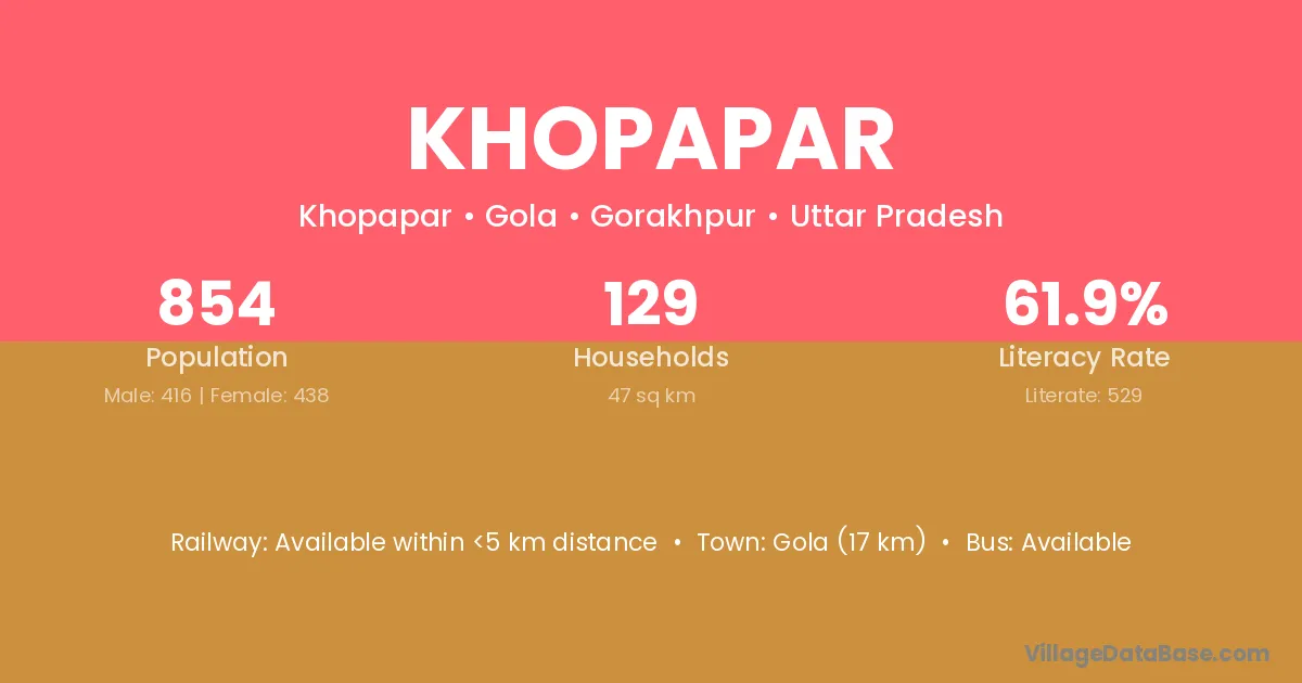 Gola (17 km) is the nearest town to Khopapar village for major economic activities and is located approximately 17 km away.
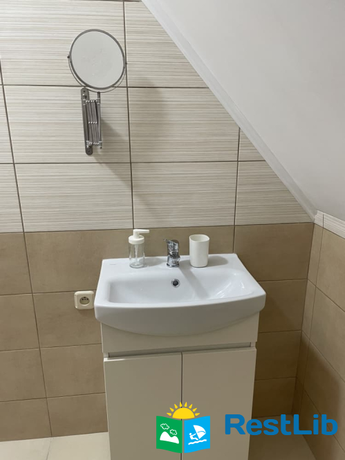 Одні дворівневі апартаменти. На першому поверсі: вітальня з обіднім столом, диваном, стелажем з полицями, холодильником; санвузол (умивальник, душ, туалет). На другому: два двоспальних ліжка, розкладний диван, комод, вихід балкон.
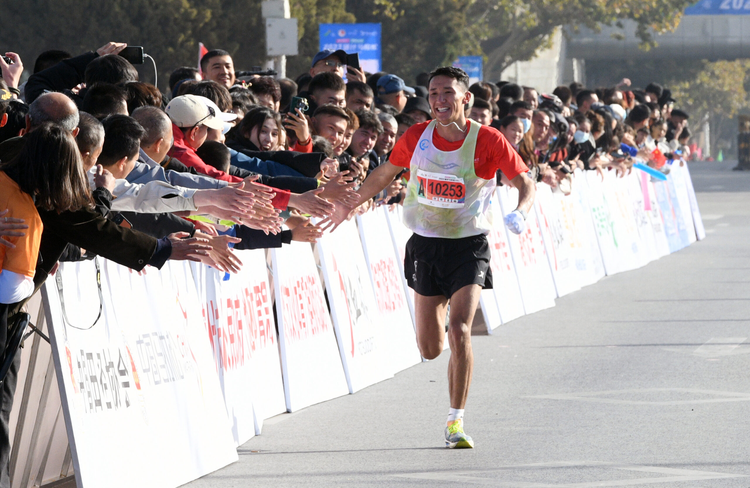 11月12日,新疆喀什市,2023喀什马拉松开跑,国内外9000名跑友体验“相约喀什 畅游古城”的魅...
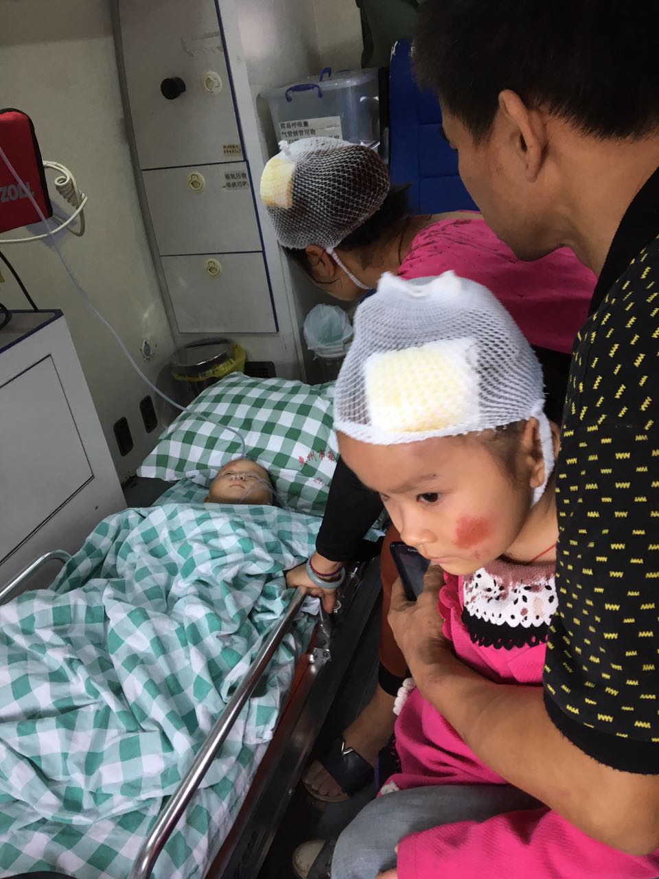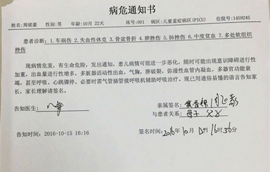 全家人被送到医院,黄香锦和小女儿头部血流不止,直接缝了10针和6针,小宝情况紧急直接被送进抢救室。经诊断,医生下达病危通知书:病情危重,生命危险。失血性休克,脾脏肺脏破裂,多器官功能衰竭,甚至呼吸心跳骤停;骨盆等多处骨折……现在重症室治疗观察。主治医生说:9天才能判断是否脱离危险!但现在病情趋势转差。
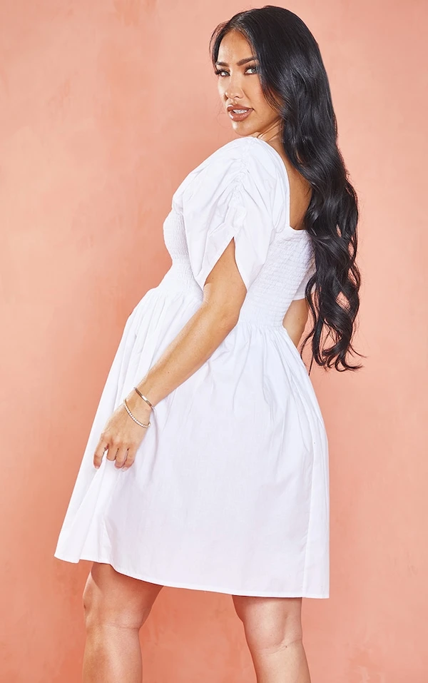Maternité Mini robe babydoll de grossesse blanche froncée sur le buste
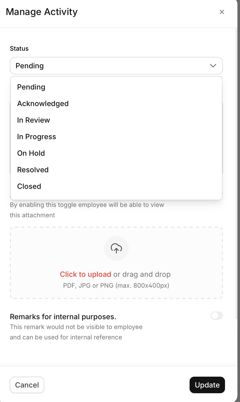 Step 4: You can also attach any images or PDF using the "manage activity" button for the case
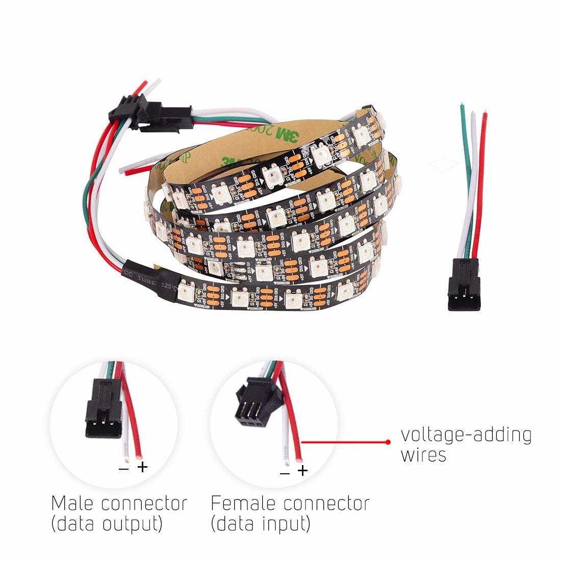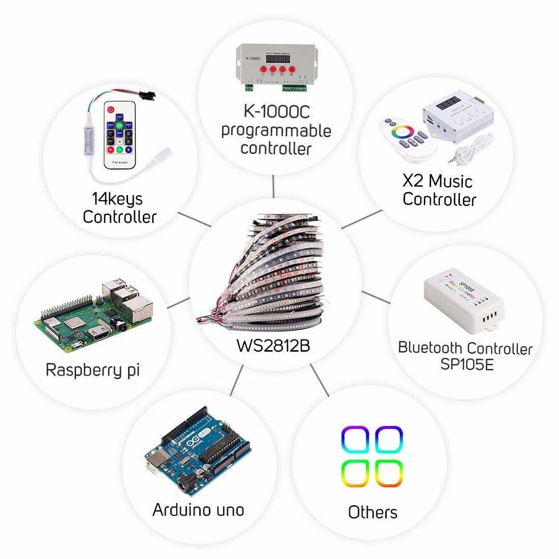 Individually Addressable. – Dream full color Programmable LED Strip,WS2812B led, WS2811 IC Built in 5050SMD.256 brightness display and 24-bit color display. – FPCB, JST-SM connectors on both ends for easy installation – Works great with Arduino and is easy to program. The addressable IC is built-in the 5050SMD.Each pixel can have its own color and brightness as your wish. Can be cut each 5050SMD individually, and will works great without damage – DC 5v. Match use controller can appear colorful curtain-up/ flow water/raindrop/jump flash and so on hundreds of lighting effect, you can also edit animation effect by Coreldraw/Flash/Led – Edit software. – Making led screen, led wall, advertising board, apply to hotel, KTV, bars, Outdoor advertising signs, Festivel Christmas or wedding party decoration,It has adhesive glue on the back, so you can stick it to the wall or other items conveniently as you like.
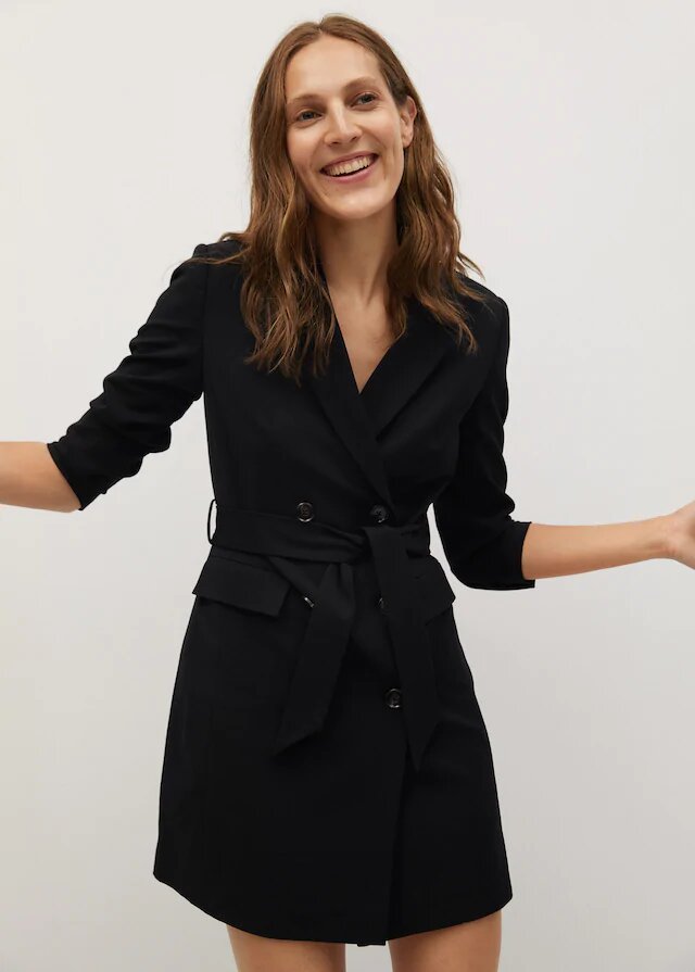 Este vestido de Mango, aunque sencillo, es capaz de llamar la atención gracias al diseño. Y es que imita a una gabardina, pero mucho más corta.
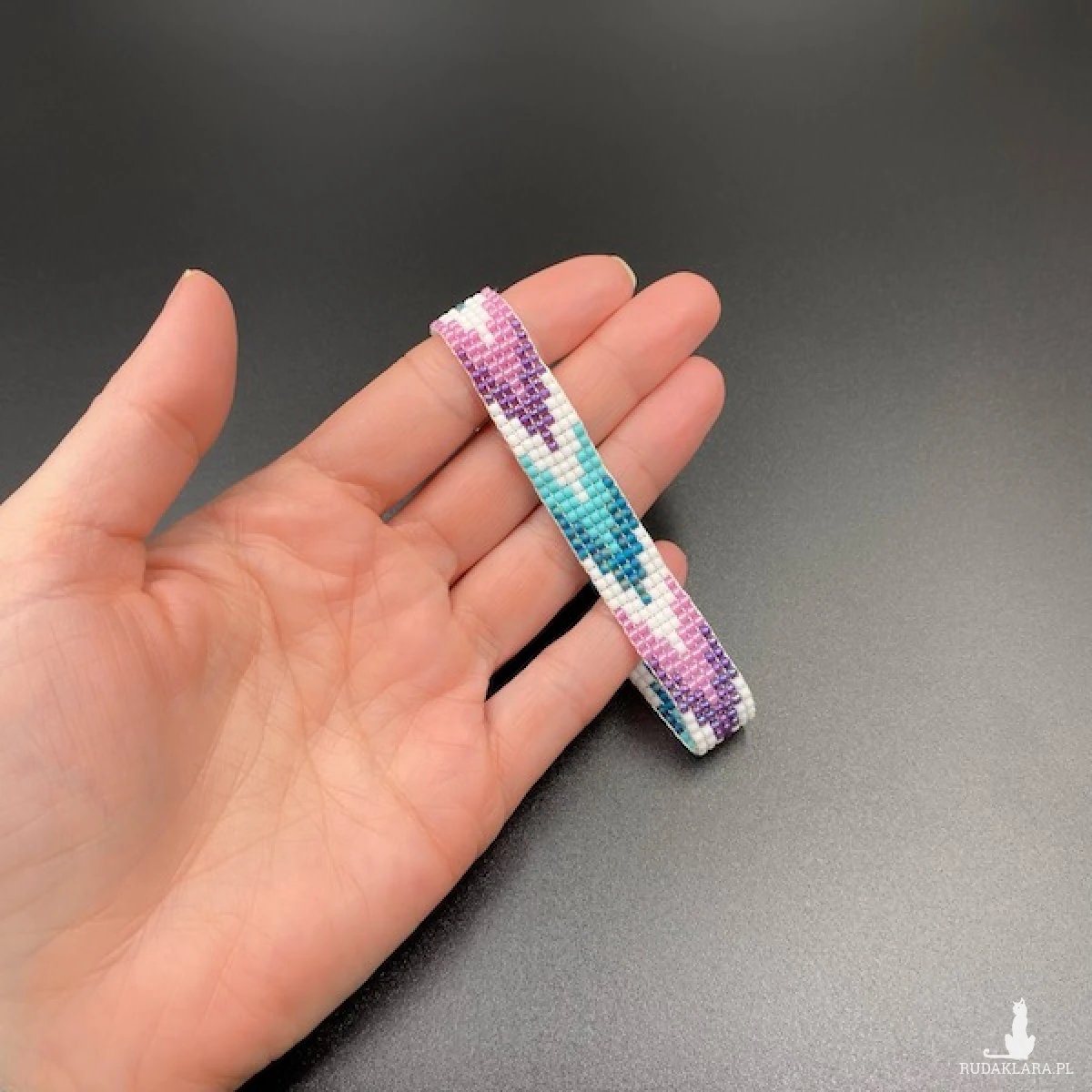 BRANSOLETKA TKANA NA KROŚNIE Z KORALIKÓW - biały turkusowy fiolet róż #908

******

Copy only the lines above from the one containing "11月12日,新疆喀什市,2" through the one containing "Step 4: You", both included. Leave out the pictures.

→ **Answer area**:
 11月12日,新疆喀什市,2023喀什马拉松开跑,国内外9000名跑友体验“相约喀什 畅游古城”的魅...
 全家人被送到医院,黄香锦和小女儿头部血流不止,直接缝了10针和6针,小宝情况紧急直接被送进抢救室。经诊断,医生下达病危通知书:病情危重,生命危险。失血性休克,脾脏肺脏破裂,多器官功能衰竭,甚至呼吸心跳骤停;骨盆等多处骨折……现在重症室治疗观察。主治医生说:9天才能判断是否脱离危险!但现在病情趋势转差。
Maternité Mini robe babydoll de grossesse blanche froncée sur le buste
 Step 4: You can also attach any images or PDF using the "manage activity" button for the case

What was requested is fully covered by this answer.